(Supplied material)
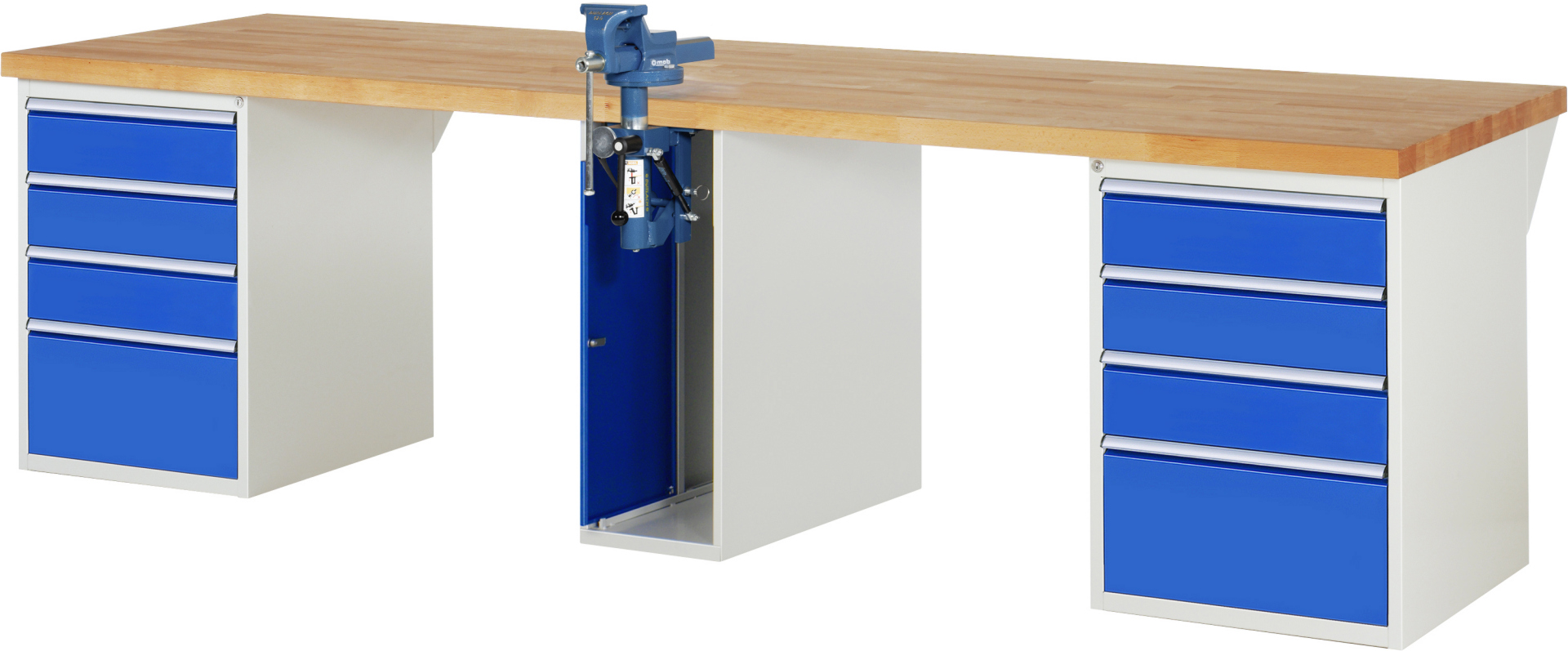 Werkbank Modell 7510 schwarz, BxTxH 3000x900x890 mm, Buche-Massiv Arbeitsplatte 40 mm, 8 Schubladen mit Vollauszug 100 % und SoftClosing
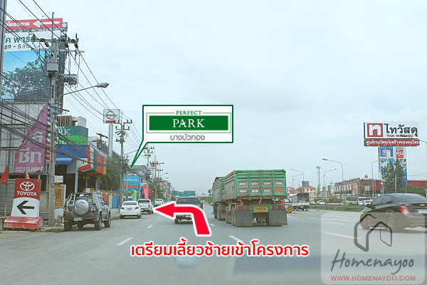 เราจะเห็นป้ายขนาดใหญ่ของโครงการ Perfect Park บางบัวทอง อยู่ทางฝั่งขวามือ ซึ่งอยู่อีกฝั่งทำให้เราต้องวิ่งไปกลับรถก่อนนั่นเอง
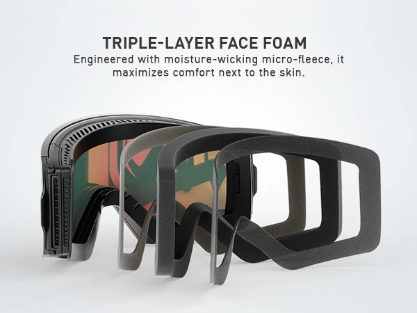 ⛷️Comfortable Foam and Ventilation System: KAPVOE single lens ski goggles use thick three-layer foam material that fits snugly around the eye sockets and will not cause pressure or irritation even if worn for a long time. With warming, windproof and moisture-absorbing function, as well as an excellent ventilation system that ensures smooth air circulation to prevent fogging and maintain comfort.
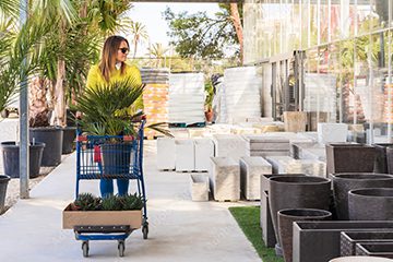 Der Kunde wählt große Pflanzen im Außenbereich aus, die Zahlung erfolgt
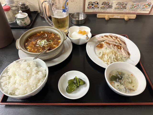 到着。ゴロゴロ茄子がうまそうだ。キャベツのサラダと緑の中国産きゃうりの漬物、玉子スープ。麻婆茄子は、山椒のない食べやすいタイプ。アツアツでいいね。玉子スープも悪くないですよ。ご飯は旨い。佐久の米らしい。...
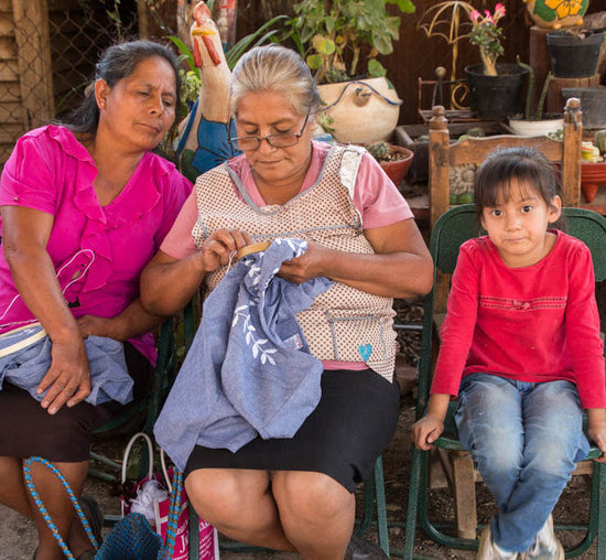 Talented embroiderers of Oaxaca realize the intricate designs of the Abrazo collection. Each piece is a form of wearable art, bearing the signature style of each woman.
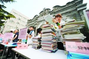 “眼看就要高考了,聽說他們連課本都沒有。”“我的高考結(jié)束了,我想我的資料能對(duì)他們在高考中考出好成績提供幫助!弊蛉丈衔9時(shí),剛剛結(jié)束高考的北京高三學(xué)生們在二中校門外將自己的復(fù)習(xí)資料捐贈(zèng)給災(zāi)區(qū),他們還將自己的祝福寫在復(fù)習(xí)資料的扉頁上,向經(jīng)受地震災(zāi)害的同齡人送去鼓勵(lì)。
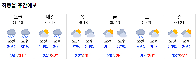 | 하동 날씨, 늦더위 이어져·한낮 31도...오후 한 때 약한 비 (1) | 2025.09.15 |
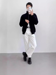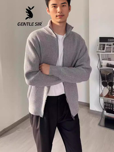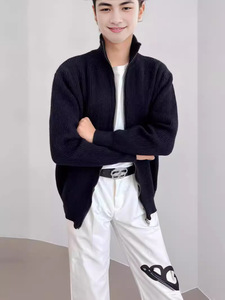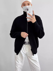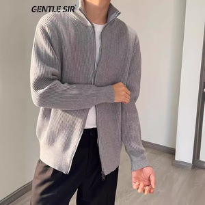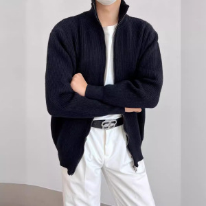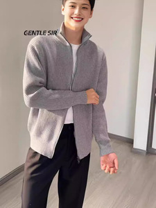 ジッパーニットカーディガンジャケット秋と冬厚みのあるスタイル春アウタースタンドカラーレイジータートルネックセーターメンズカレッジスタイル
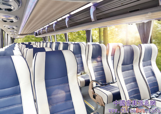 打開車門,進(jìn)入車內(nèi),駕駛區(qū)的布局一目了然,坐在駕駛員座椅上體驗(yàn)了一下,這種下沉式設(shè)計(jì)通過頂部的大坡度變化,滿足了駕駛區(qū)域的空間高度要求,大幅面前風(fēng)擋玻璃增加了駕駛員的前上方視野,不會(huì)給長(zhǎng)時(shí)間駕駛帶來壓抑感。進(jìn)入乘客區(qū),一種豁然開朗的感覺油然而生。這種感覺既自于2 m的車內(nèi)高度,更是因?yàn)檐噧?nèi)營(yíng)造的溫馨舒適的氛圍。盡管天氣有些陰沉,但兩側(cè)寬大的車窗還是為車廂內(nèi)帶來了很好的采光效果。藍(lán)白相間的座椅與行李架燈帶形成呼應(yīng),靜謐而柔和。車廂頂部的2個(gè)采用透明材料的超薄天窗更值得稱道,無(wú)論是白天還是夜晚,乘客都可以借此仰望頭頂?shù)奶炜,去享受片刻的遐想帶來的寧(kù)o。
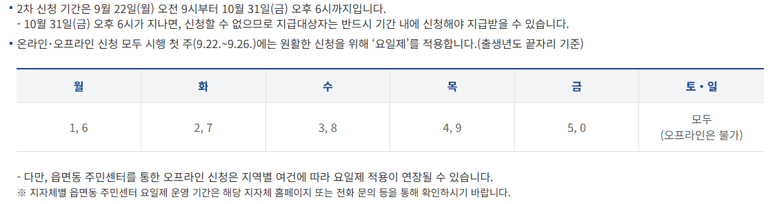 | 요일제 적용 | 첫 주(9/22~9/26): 출생년도 끝자리 기준 요일제 적용 (오프라인/방문 신청 시) 지역별 주민센터는 사정에 따라 연장 가능 |
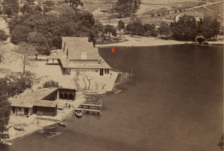 The spot (marked ‘x’) where the women’s rowing crew were pictured in 1867. This photograph was taken two years earlier.
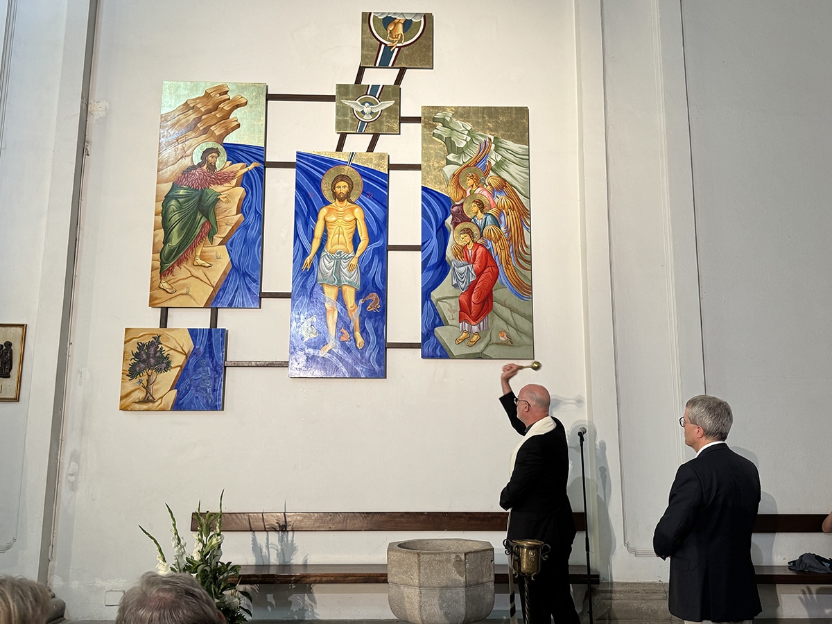 El bisbe de Girona, fra Octavi Vilà, ha beneït el nou conjunt iconogràfic situat a l’absis de l’església. L’obra està inspirada en l’estil bizantí, amb colors molt vius, i l’han realitzat els artistes calellencs Empar Morató i Guillem Torné.
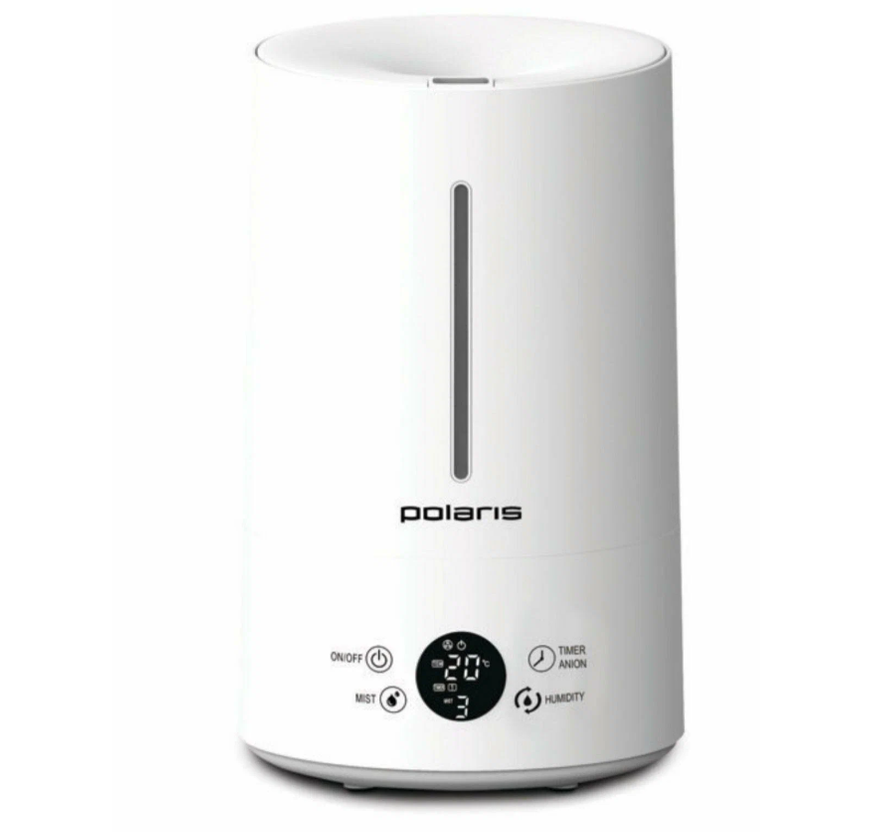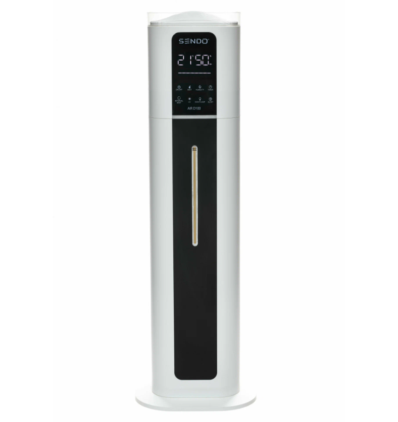 В ночном режиме прибор работает бесшумно и гасит лишние индикаторы. Мягкий ночник создаёт приглушённое свечение, а ароматизатор позволяет накапать эфирные масла. Размеры модели — 20,1 на 24,1 на 75,5 см.
(End Supplied material)
Take the lines from the start of the entries through the line containing "เราจะเห็นป้ายขนาดใหญ่ของโครงการ Perfect Park" and set them down exactly, leaving out every picture.

 Werkbank Modell 7510 schwarz, BxTxH 3000x900x890 mm, Buche-Massiv Arbeitsplatte 40 mm, 8 Schubladen mit Vollauszug 100 % und SoftClosing
 เราจะเห็นป้ายขนาดใหญ่ของโครงการ Perfect Park บางบัวทอง อยู่ทางฝั่งขวามือ ซึ่งอยู่อีกฝั่งทำให้เราต้องวิ่งไปกลับรถก่อนนั่นเอง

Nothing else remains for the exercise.